NC leaders have also begun protests against what they say is a move by the Maoists to appoint Nand Kishore Pun “Pasang”, the chief of PLA after Prachanda stepped down, as the chief of the re-shuffled army.

Due to the infighting among the two biggest parties, Prachanda, for the second time Thursday, put off the scheduled cabinet meeting that was to have announced the formation of the committee.

More homework and parleys among the parties need to be done, the embattled Maoist chief told the media Thursday.

The merger of the PLA with the Nepal Army remains one of the biggest blocks in the ongoing peace process in Nepal.

Over 19,000 PLA fighters are leading a grim life in cantonments for nearly two years, hoping for eventual state recognition by being included in the state army.

The merger was a key condition of the peace pact signed by the Maoists in 2006, which paved the way for their relinquishing arms and the restoration of peace in insurgency-racked Nepal.

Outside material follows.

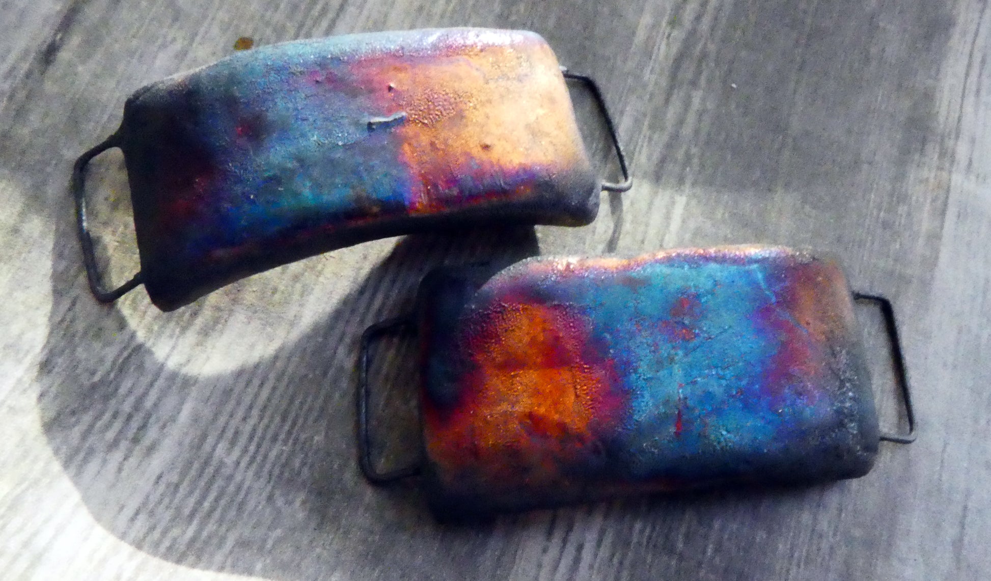 High fired, then fired again with my own Bronze clay.Scorched to a rainbow finish.

The NC, which was the ruling party in 2006, had agreed to the condition. Now however, smarting under a poll defeat, it has begun opposing the integration, saying the PLA was a political animal that could not be trusted to be non-partisan.

The army is also opposing the merger. The army chief, Gen. Rukmangud Katawal, has said that the army would accept only those who met international recruitment norms.